Ever since the magnetic north pole was first discovered in 1831, geologists have been tracking its progress. Unlike true north (which is marked by the Earth's axis), magnetic north is constantly on the move due to changes in the planet's molten core, which contains iron. Throughout most of recorded history, the pole has been positioned at or around Canada's icy Ellesmere Island, but if it keeps moving at its current rate, it won't be long before it sits above Russia instead.
The thing that really makes the pole's current movement so unusual, however, is the speed at which it's shifting. In the last decade alone, movement has increased by a third, throwing off compasses by roughly 1 degree every five years.

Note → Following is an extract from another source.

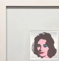 Additional Details: Liz Taylor by Andy Warhol, from a portfolio of five prints published by te Neues, now out of print. This offset lithograph reflects Warhol’s fascination with celebrity culture, portraying Elizabeth Taylor in his signature Pop style with striking graphic clarity. Presented in a white wood frame with a 1-inch front profile and a 3/4-inch side profile, the artwork is mounted behind a 4-inch mat, creating a refined, gallery-style display. Warhol’s Liz images remain some of his most iconic works, emblematic of his enduring exploration of fame, glamour, and media representation.

Changes that fast have already caused major headaches for the U.S. Federal Aviation Administration. In 2011, Tampa International Airport in Florida renamed all of its runways, which are named after the degree at which they point on a compass. Similar changes were made to runways at Fort Lauderdale and Palm Beach.
The shifting pole may also become a grave concern for migratory wildlife, such as birds, turtles and other sea creatures that use Earth's magnetic field to navigate over great distances. It's unclear if these animals are capable of recalibrating their navigational instincts to compensate for the changes.
However, the moving pole won't really affect our everyday lives such as using our smartphones or GPS devices. "It doesn't really affect mid or low latitudes," Beggan said. "It wouldn't really affect anyone driving a car."
Will the north pole eventually flip?
But some experts believe that it may be the beginning of a complete pole reversal, according to the Independent.
The rapid shifting of the pole's position has prompted some experts to speculate that the Earth's entire magnetic field may be preparing to "flip," whereby all compasses invert and point south instead of north. It may sound radical, but in geological time, pole reversals are relatively common. Though they typically occur once every 400,000 years or so, it's been 780,000 years since the last flip.
Scientists disagree on how a pole reversal would effect ecosystems around the world, but some alarmists warn of a planet-altering catastrophe, whereby earthquakes and monumental tsunamis threaten the Earth for decades. Though such radical doomsday prophecies cannot be completely ruled out, the vast majority of scientists offer more tempered predictions, says NASA.
"Reversals typically take about 10,000 years to happen," said Jeffrey Love of the U.S. Geological Survey. "And 10,000 years ago civilisation did not exist. These processes are slow, and therefore we don't have anything to worry about."